>>

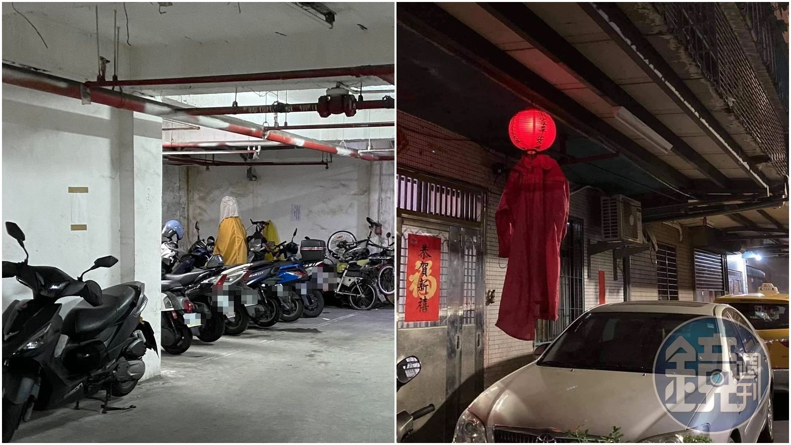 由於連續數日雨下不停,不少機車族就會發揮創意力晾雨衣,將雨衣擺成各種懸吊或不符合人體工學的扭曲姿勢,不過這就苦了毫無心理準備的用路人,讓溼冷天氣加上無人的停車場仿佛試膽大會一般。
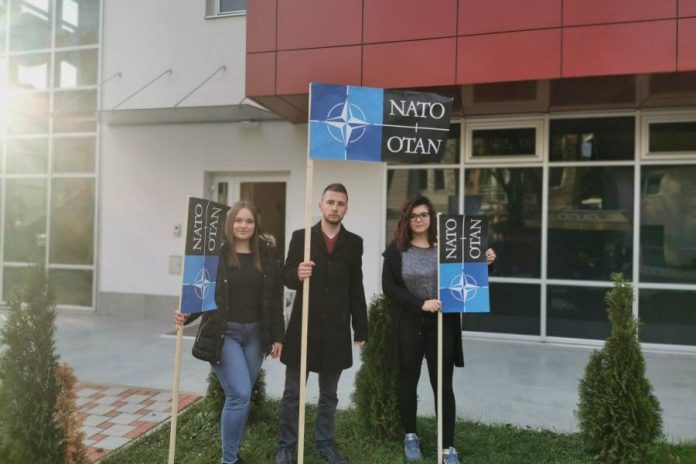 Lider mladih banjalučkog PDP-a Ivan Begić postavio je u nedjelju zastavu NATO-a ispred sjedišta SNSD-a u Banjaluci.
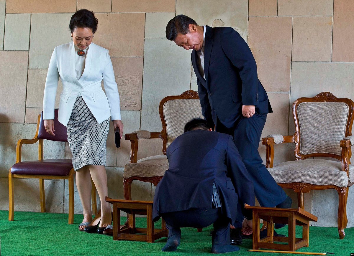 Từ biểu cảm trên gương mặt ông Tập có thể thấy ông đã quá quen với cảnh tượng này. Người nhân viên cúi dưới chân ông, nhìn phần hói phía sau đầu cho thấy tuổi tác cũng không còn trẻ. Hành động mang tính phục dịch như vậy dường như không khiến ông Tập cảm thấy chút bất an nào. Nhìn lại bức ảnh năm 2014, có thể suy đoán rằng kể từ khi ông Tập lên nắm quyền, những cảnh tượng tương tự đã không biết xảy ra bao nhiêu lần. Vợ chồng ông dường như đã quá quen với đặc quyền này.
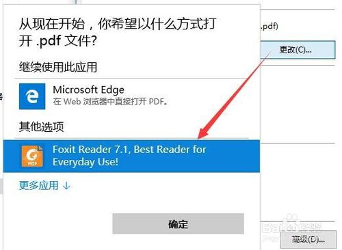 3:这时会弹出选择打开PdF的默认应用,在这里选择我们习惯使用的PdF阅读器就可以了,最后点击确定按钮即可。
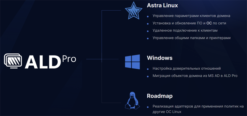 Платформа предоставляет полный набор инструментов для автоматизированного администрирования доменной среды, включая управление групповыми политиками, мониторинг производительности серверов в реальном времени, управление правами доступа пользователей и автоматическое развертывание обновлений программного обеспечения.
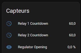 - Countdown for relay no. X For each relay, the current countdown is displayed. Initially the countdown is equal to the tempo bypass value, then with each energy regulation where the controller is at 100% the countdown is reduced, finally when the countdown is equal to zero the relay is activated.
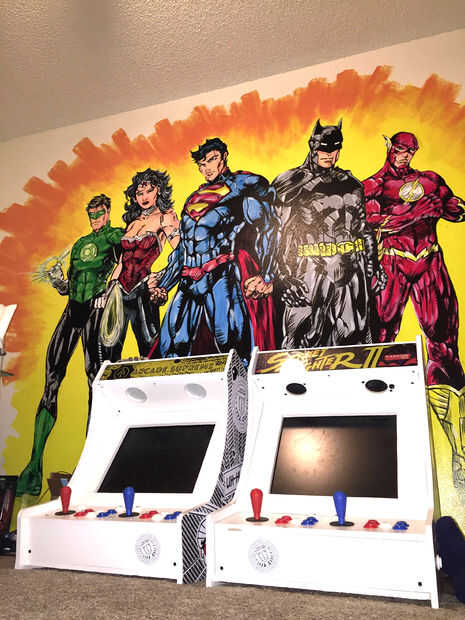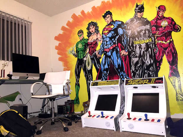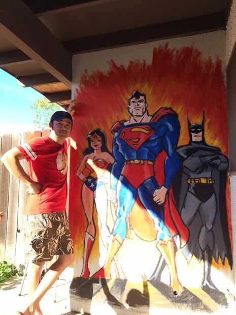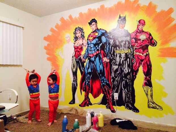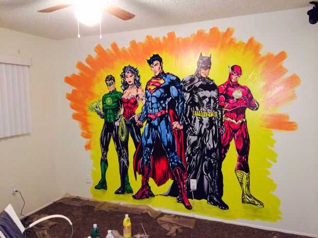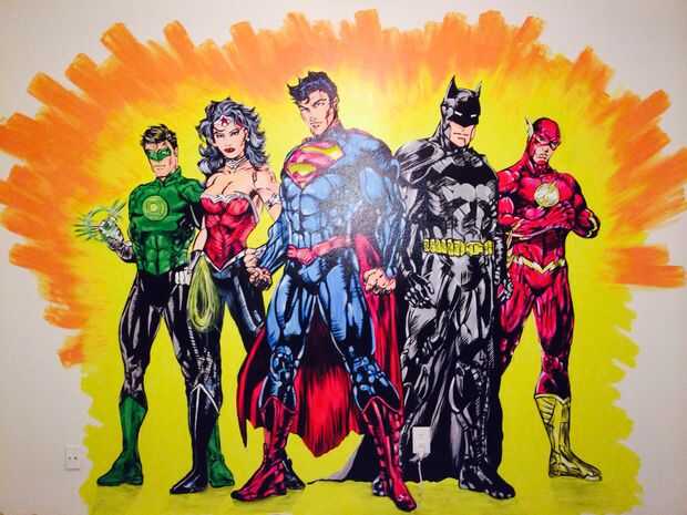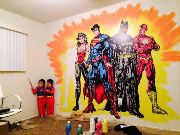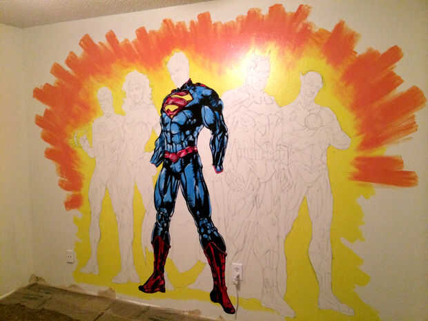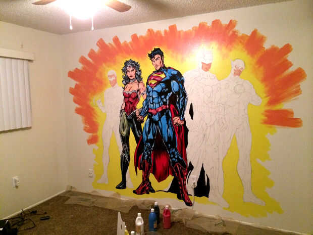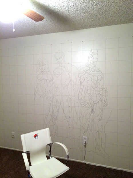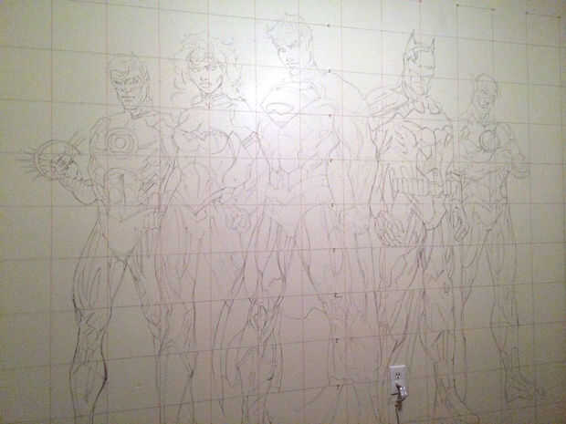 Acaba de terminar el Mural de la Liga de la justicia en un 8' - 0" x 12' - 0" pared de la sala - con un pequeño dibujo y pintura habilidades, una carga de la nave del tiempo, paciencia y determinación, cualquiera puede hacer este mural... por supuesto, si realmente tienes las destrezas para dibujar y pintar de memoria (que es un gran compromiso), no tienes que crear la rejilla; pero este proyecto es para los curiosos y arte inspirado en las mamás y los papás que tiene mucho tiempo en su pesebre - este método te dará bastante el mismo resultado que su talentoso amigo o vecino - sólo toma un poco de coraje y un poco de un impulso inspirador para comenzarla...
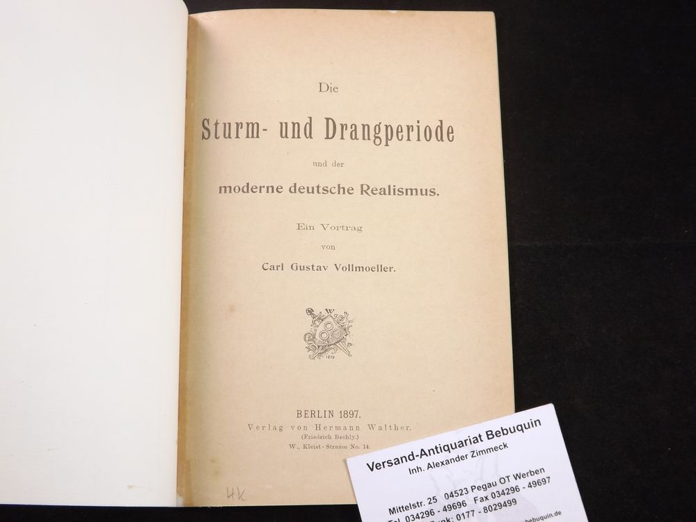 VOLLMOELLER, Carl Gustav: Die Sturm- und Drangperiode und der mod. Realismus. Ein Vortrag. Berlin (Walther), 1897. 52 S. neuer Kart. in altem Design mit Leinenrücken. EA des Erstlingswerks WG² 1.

<<

▶ Requirement
Please copy the data above word for word, but only from the line that contains "Acaba de terminar" through the final line, both included, and without the pictures.

▶ Your solution
 Acaba de terminar el Mural de la Liga de la justicia en un 8' - 0" x 12' - 0" pared de la sala - con un pequeño dibujo y pintura habilidades, una carga de la nave del tiempo, paciencia y determinación, cualquiera puede hacer este mural... por supuesto, si realmente tienes las destrezas para dibujar y pintar de memoria (que es un gran compromiso), no tienes que crear la rejilla; pero este proyecto es para los curiosos y arte inspirado en las mamás y los papás que tiene mucho tiempo en su pesebre - este método te dará bastante el mismo resultado que su talentoso amigo o vecino - sólo toma un poco de coraje y un poco de un impulso inspirador para comenzarla...
 VOLLMOELLER, Carl Gustav: Die Sturm- und Drangperiode und der mod. Realismus. Ein Vortrag. Berlin (Walther), 1897. 52 S. neuer Kart. in altem Design mit Leinenrücken. EA des Erstlingswerks WG² 1.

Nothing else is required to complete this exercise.